Services have long been thought to suffer from a
productivity problem. In fact, there is a long-standing concern that services
add little to the economy. Particularly compared to manufacturing, which is typically
more receptive to technological improvements, services productivity looks
bleak.
What’s more, for various technical reasons a natural
tendency exists in many OECD economies for services to expand as these
countries become richer.
This creates a double whammy: if productivity in services
are low to start with, plus a natural expansion of services exists in many rich
economies, then ultimately the sector becomes a real drag on overall economic
growth the richer we get. That’s the long-held view.
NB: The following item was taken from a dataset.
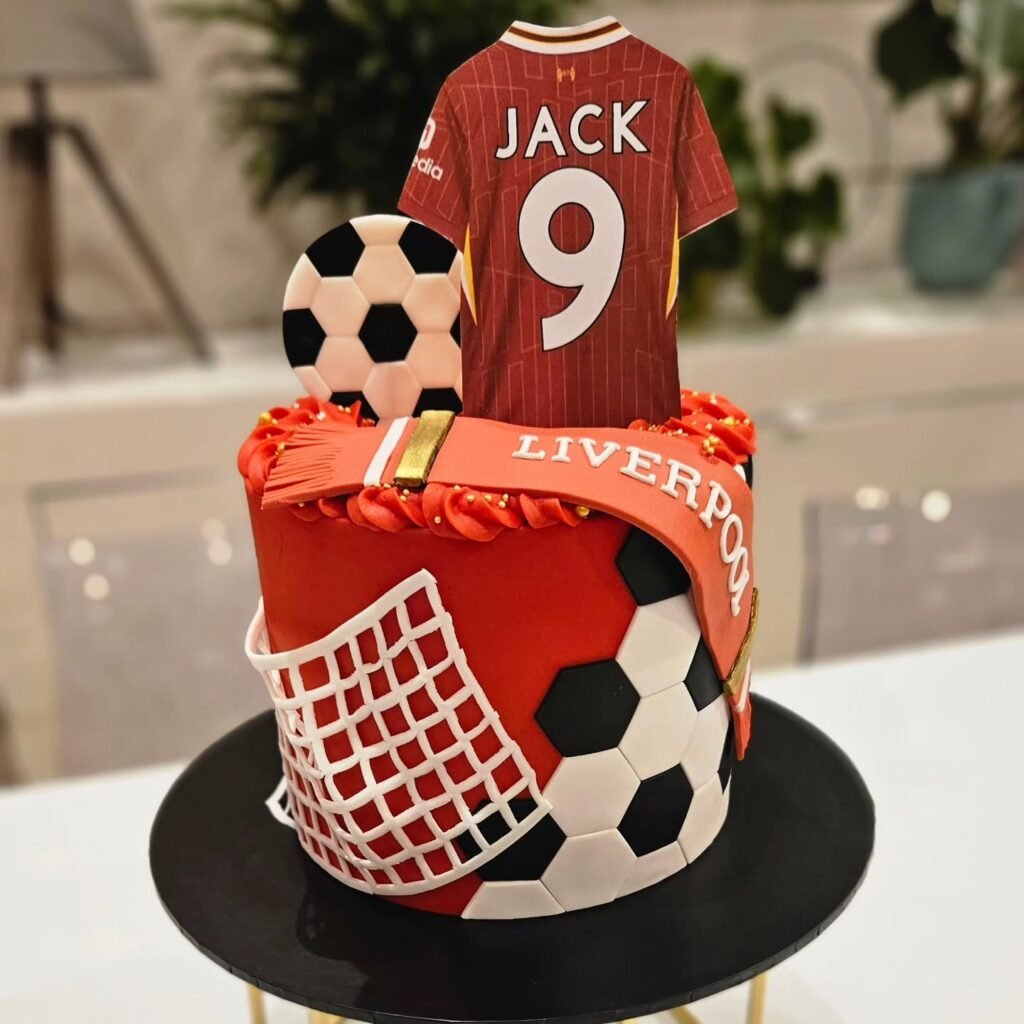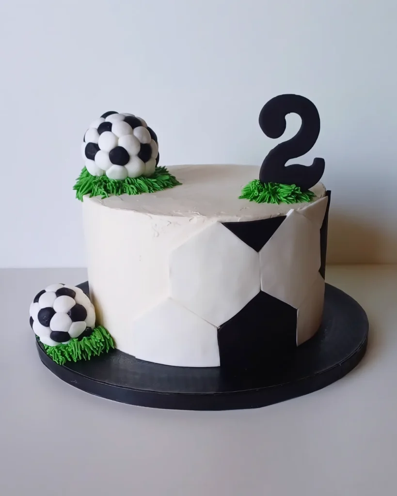 The black and white hexagons on the side complete the theme. It’s a fun and memorable cake for a young fan’s special celebration.

However, this view becomes increasingly debunked. A new report that ECIPE has developed, which was commissioned by the Bertelsmann
Foundation, now shows that not all services are unproductive. In fact, some
services show healthy productivity growth patterns.
Therefore, good evidence is starting to come up proving the
point that services do not need to weigh down on the economy. On the contrary,
there is enough potential for services to perform better. The truth is that
there is a lot of productivity in many services sectors that remains
unrealized.
What can explain this? For one, our study shows that the low
pick-up of digital technologies by services firms is an important factor to
blame. For instance, using Eurostat data, the report shows that the share of business
services firms in the UK and Poland that pick up digital technologies (as
measured by our self-developed E-business indicator) is only half the rate of
Denmark and Finland, as shown in the figure below.
However, it’s not only digital technologies that we need to
look at. Over the years, services have also become increasingly tradable, a
factor that further causes productivity growth to happen. Actually, it’s also thanks
to digital technologies that services have become more tradable in recent time,
but not enough as many countries still hold back their trade potential in
services.
Here comes the second explanation: regulatory policies in
services restricting their tradability across borders, in combination with all
sorts of other digital trade restrictions, such as those on online platforms, are
still relatively high for various countries. That is particularly true in
countries where firms exhibit a low pick up of digital technologies, as shown
in the report.
As a result, there is a straightforward negative
relationship between the regulatory and digital barriers in services that
exists and the absorption rate of digital technologies by services firms.
One conclusion of the report is therefore that both
categories of regulatory restrictions prevent markets to function as they
should and allow markets to pick up digital technologies. Digital penetration
is restricted, which hinders potential productivity gains from being realized in
services.
But that’s not all what the report has to say. As regulatory
restrictions hold back trade and competition in services sectors, their markets
are likely to be distorted. This point is crucial. We show that distorted
markets structures in services, as measured as the “productivity gap”, i.e. the
unequal distribution of firm productivity in a market, actually exists in those
countries where services firms exhibit a relatively low pick-up of digital
technologies.
So here there is a second straightforward negative
relationship: the greater the extent to which services markets are distorted, the
lower the absorption rate of digital technology by services firms, as illustrated
in the figure below.
Services should in principle become more productive because
they can. If the market lacks the right incentives by having a low exposure
to competition and trade, firms are not inclined to pick up digital
technologies, which prevents productivity from being lifted in many services.
In fact, we calculate that when services firms do use
digital technologies this effect is likely to be entirely nullified by the
distorted market structures in which they operate. That’s a forgone loss and
greatly inhibits services sectors from realizing their productivity potential.